Exercise data:
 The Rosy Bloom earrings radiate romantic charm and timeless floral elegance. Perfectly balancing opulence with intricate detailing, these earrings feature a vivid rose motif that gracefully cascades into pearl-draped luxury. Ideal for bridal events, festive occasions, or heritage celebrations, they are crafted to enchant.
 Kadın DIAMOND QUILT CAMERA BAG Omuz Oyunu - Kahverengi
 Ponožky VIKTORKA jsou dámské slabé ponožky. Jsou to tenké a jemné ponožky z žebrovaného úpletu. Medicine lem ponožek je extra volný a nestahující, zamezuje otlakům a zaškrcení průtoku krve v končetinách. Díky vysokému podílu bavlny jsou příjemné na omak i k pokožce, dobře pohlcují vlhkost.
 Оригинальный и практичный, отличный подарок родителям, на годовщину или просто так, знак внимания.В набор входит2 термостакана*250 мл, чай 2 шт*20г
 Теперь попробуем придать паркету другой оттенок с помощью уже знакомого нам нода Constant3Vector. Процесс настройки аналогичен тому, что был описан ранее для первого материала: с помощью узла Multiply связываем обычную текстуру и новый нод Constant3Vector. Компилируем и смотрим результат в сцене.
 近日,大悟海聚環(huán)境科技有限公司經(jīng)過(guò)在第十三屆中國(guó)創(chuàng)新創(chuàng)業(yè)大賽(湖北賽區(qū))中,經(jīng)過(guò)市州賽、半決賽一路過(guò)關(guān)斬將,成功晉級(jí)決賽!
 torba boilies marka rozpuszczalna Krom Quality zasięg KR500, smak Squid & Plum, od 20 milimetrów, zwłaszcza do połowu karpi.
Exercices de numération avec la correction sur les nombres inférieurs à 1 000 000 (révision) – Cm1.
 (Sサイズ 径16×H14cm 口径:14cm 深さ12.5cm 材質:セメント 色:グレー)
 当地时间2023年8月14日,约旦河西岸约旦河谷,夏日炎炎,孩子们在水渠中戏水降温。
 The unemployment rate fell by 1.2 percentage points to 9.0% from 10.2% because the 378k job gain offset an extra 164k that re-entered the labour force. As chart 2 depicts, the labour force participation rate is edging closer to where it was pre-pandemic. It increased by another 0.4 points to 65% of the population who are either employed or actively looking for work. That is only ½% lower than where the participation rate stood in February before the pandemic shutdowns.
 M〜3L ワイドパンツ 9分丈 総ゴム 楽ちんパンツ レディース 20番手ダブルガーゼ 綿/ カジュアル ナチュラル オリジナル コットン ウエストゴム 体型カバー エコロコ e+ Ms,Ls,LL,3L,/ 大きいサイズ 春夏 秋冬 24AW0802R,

What you have to do: Within the material above, the line with "近日,大悟海聚環(huán)" opens the range and the line with "当地时间2023年8月14日" closes it; reproduce that range word for word.

Task response:
 近日,大悟海聚環(huán)境科技有限公司經(jīng)過(guò)在第十三屆中國(guó)創(chuàng)新創(chuàng)業(yè)大賽(湖北賽區(qū))中,經(jīng)過(guò)市州賽、半決賽一路過(guò)關(guān)斬將,成功晉級(jí)決賽!
 torba boilies marka rozpuszczalna Krom Quality zasięg KR500, smak Squid & Plum, od 20 milimetrów, zwłaszcza do połowu karpi.
Exercices de numération avec la correction sur les nombres inférieurs à 1 000 000 (révision) – Cm1.
 (Sサイズ 径16×H14cm 口径:14cm 深さ12.5cm 材質:セメント 色:グレー)
 当地时间2023年8月14日,约旦河西岸约旦河谷,夏日炎炎,孩子们在水渠中戏水降温。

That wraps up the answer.